Карамзин стал объяснять свою мысль:
— Нет, граф, тучи, накопляющиеся над его главою, вряд ли разойдутся!.. У Наполеона все движется страхом, у нас — преданностью, там — сбор народов, в душе его ненавидящих, у нас — один народ, мы — дома, он от Франции отрезан… — Затем Карамзин добавил: — Одного можно бояться…
— Вы боитесь, — воскликнул Ростопчин, угадывая его мысль, — чтобы государь не заключил мира?
— Да, — подтвердил Карамзин. — Впрочем, он торжественно поклялся, что не положит меча…
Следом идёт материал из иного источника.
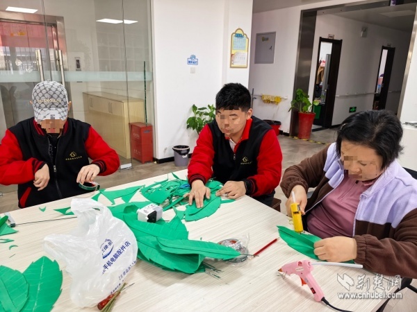 在為期兩周的創(chuàng)作中,陽(yáng)光家園學(xué)員在志愿者的陪伴下,從設(shè)計(jì)畫(huà)圖、精準(zhǔn)剪裁到立體塑形、精細(xì)組裝,系統(tǒng)學(xué)習(xí)并逐步掌握了銀杏葉與玫瑰花的制作技巧?!暗谝淮螀⑴c制作這么大的藝術(shù)作品,沒(méi)想到我也能創(chuàng)造出這么美的作品!”一位學(xué)員自豪地展示成果。創(chuàng)作過(guò)程中,殘健伙伴分工協(xié)作、各展所長(zhǎng),在默契配合中締結(jié)了深厚情誼。
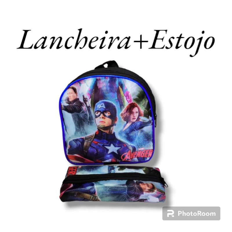 Kit Mochila Infantil Escolar com Rodinhas de Silicone do Menino Vingadores + Lancheira + Estojo
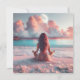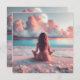 Belle femme méditant sur une plage de sable blanc et de verre de mer brillant. Nuages roses et bleus fluffy et eau bleu pâle.
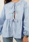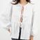 Abbigliamento da donna, nuova camicia a maniche lunghe a sbuffo con fiocco, tinta unita, a righe e a quadri

В Москву привезли смертельно раненного Багратиона. Те три дня, в которые принималось решение защищать столицу или оставить без боя, он находился в доме Ростопчина. Когда же судьба Москвы была решена, Багратион, от которого не скрывали тяжести его ранения, прощаясь с Ростопчиным, написал ему перед отъездом прощальную записку: «Прощай, мой почтенный друг. Я больше не увижу тебя. Я умру не от раны моей, а от Москвы».
Между тем Москва наполнялась транспортами раненых, солдатами, отставшими от своих частей, появились дезертиры и мародеры, сбивавшиеся в шайки по кабакам, — все это было грозным предвестием.
Ночью 30 августа Ростопчин получает от Кутузова сообщение, что один неприятельский корпус повернул на Звенигородскую дорогу и, возможно, попытается проникнуть в Москву. «Неужели не найдет он гроб свой от дружины Московской, когда б осмелился он посягнуть на столицу», — писал Кутузов, давая понять Ростопчину, что надеется на его военную помощь.